* Provided information *
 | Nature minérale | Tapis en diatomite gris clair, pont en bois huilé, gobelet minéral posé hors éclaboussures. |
==
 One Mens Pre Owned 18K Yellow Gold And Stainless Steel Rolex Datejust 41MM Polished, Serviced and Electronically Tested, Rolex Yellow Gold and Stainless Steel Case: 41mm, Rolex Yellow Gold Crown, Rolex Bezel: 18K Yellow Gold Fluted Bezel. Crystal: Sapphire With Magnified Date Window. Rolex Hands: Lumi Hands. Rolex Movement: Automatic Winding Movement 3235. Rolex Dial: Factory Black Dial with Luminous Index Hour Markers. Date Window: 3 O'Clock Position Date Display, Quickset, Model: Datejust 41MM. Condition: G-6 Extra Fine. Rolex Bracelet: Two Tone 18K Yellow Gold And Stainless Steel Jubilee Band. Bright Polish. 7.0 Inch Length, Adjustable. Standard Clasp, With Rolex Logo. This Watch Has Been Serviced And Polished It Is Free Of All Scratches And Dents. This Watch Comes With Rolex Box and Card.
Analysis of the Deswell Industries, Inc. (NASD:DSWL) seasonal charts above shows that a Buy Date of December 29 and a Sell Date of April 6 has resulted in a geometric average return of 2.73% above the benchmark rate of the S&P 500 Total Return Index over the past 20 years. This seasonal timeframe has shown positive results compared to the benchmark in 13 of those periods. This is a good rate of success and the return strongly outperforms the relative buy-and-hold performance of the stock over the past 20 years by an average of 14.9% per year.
==
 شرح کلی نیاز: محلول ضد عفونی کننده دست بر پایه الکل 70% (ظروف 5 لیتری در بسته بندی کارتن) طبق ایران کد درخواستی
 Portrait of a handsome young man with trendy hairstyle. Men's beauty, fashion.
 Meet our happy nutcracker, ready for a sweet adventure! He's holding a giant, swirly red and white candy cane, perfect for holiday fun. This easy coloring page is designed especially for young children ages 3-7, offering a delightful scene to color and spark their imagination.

* Task *
Both the line containing "One Mens Pre" and the line containing "Analysis of the" belong in the answer. Print them and every line above that falls between them exactly, and no others.

* Solution *
 One Mens Pre Owned 18K Yellow Gold And Stainless Steel Rolex Datejust 41MM Polished, Serviced and Electronically Tested, Rolex Yellow Gold and Stainless Steel Case: 41mm, Rolex Yellow Gold Crown, Rolex Bezel: 18K Yellow Gold Fluted Bezel. Crystal: Sapphire With Magnified Date Window. Rolex Hands: Lumi Hands. Rolex Movement: Automatic Winding Movement 3235. Rolex Dial: Factory Black Dial with Luminous Index Hour Markers. Date Window: 3 O'Clock Position Date Display, Quickset, Model: Datejust 41MM. Condition: G-6 Extra Fine. Rolex Bracelet: Two Tone 18K Yellow Gold And Stainless Steel Jubilee Band. Bright Polish. 7.0 Inch Length, Adjustable. Standard Clasp, With Rolex Logo. This Watch Has Been Serviced And Polished It Is Free Of All Scratches And Dents. This Watch Comes With Rolex Box and Card.
Analysis of the Deswell Industries, Inc. (NASD:DSWL) seasonal charts above shows that a Buy Date of December 29 and a Sell Date of April 6 has resulted in a geometric average return of 2.73% above the benchmark rate of the S&P 500 Total Return Index over the past 20 years. This seasonal timeframe has shown positive results compared to the benchmark in 13 of those periods. This is a good rate of success and the return strongly outperforms the relative buy-and-hold performance of the stock over the past 20 years by an average of 14.9% per year.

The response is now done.